**Task brief**
Restate the data word for word and leave the images out.

**Provided material**
§ §
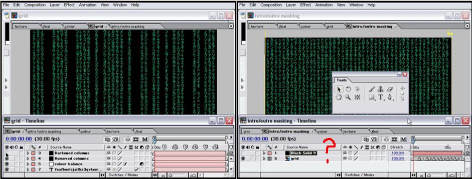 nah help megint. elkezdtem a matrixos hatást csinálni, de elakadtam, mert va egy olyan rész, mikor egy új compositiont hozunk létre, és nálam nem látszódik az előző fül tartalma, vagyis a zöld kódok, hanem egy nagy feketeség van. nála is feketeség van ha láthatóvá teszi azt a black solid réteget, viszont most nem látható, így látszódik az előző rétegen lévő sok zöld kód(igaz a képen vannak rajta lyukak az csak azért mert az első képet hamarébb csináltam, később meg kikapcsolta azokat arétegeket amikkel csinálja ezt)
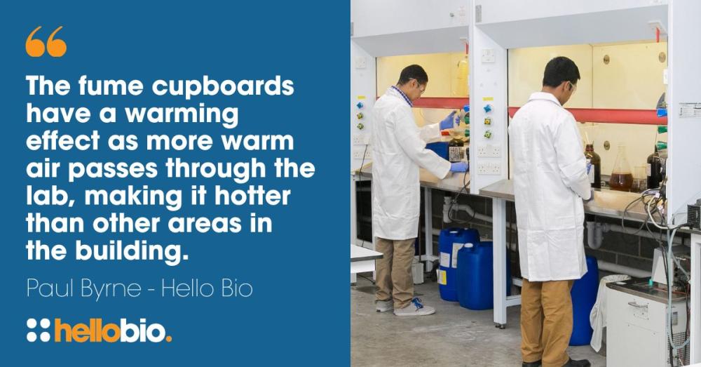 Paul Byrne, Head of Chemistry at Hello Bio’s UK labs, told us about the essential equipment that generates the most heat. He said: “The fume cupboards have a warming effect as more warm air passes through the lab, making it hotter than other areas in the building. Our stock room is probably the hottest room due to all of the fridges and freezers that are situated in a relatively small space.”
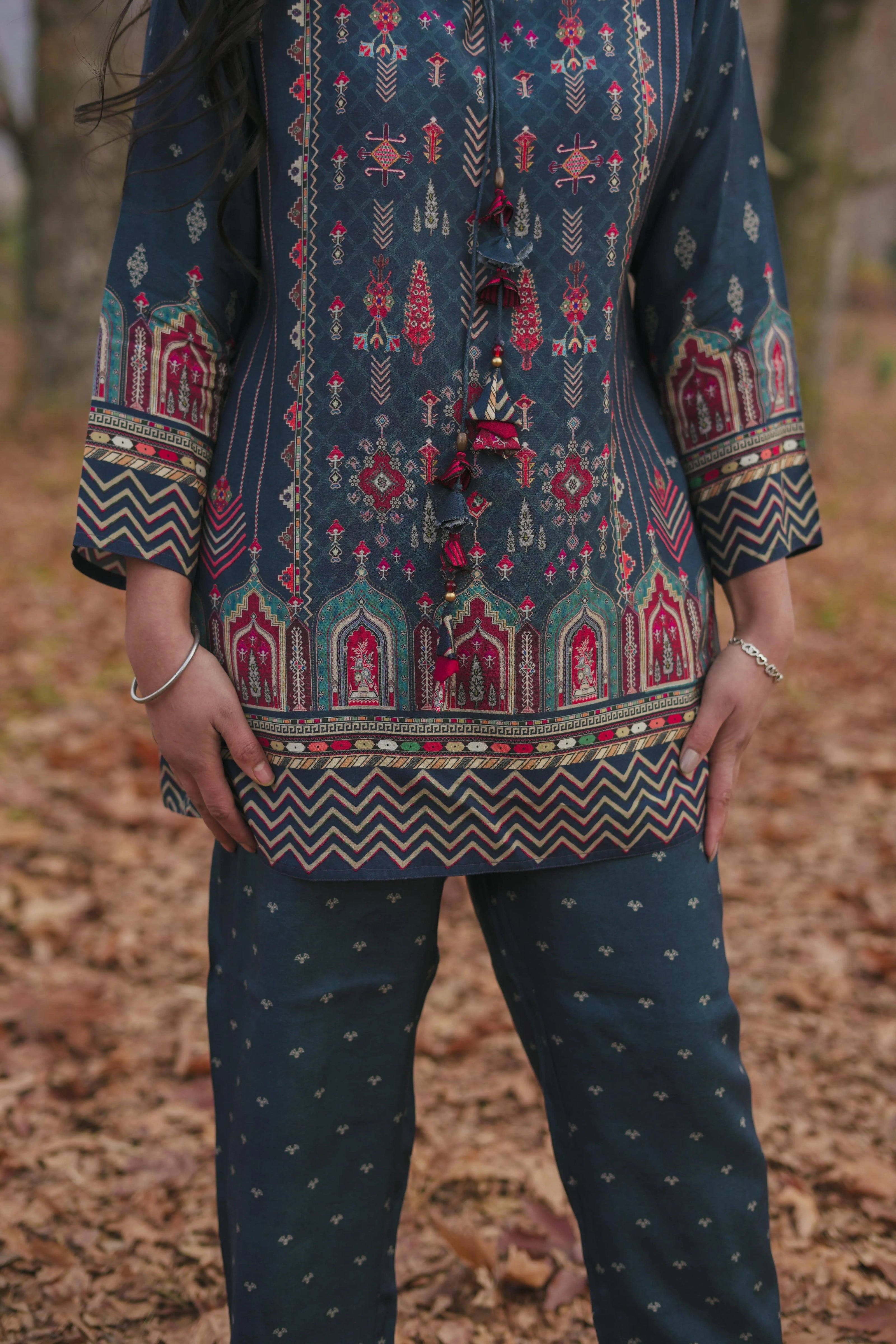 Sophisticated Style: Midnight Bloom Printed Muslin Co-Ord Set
§ §
**Answer to this task**
 nah help megint. elkezdtem a matrixos hatást csinálni, de elakadtam, mert va egy olyan rész, mikor egy új compositiont hozunk létre, és nálam nem látszódik az előző fül tartalma, vagyis a zöld kódok, hanem egy nagy feketeség van. nála is feketeség van ha láthatóvá teszi azt a black solid réteget, viszont most nem látható, így látszódik az előző rétegen lévő sok zöld kód(igaz a képen vannak rajta lyukak az csak azért mert az első képet hamarébb csináltam, később meg kikapcsolta azokat arétegeket amikkel csinálja ezt)
 Paul Byrne, Head of Chemistry at Hello Bio’s UK labs, told us about the essential equipment that generates the most heat. He said: “The fume cupboards have a warming effect as more warm air passes through the lab, making it hotter than other areas in the building. Our stock room is probably the hottest room due to all of the fridges and freezers that are situated in a relatively small space.”
 Sophisticated Style: Midnight Bloom Printed Muslin Co-Ord Set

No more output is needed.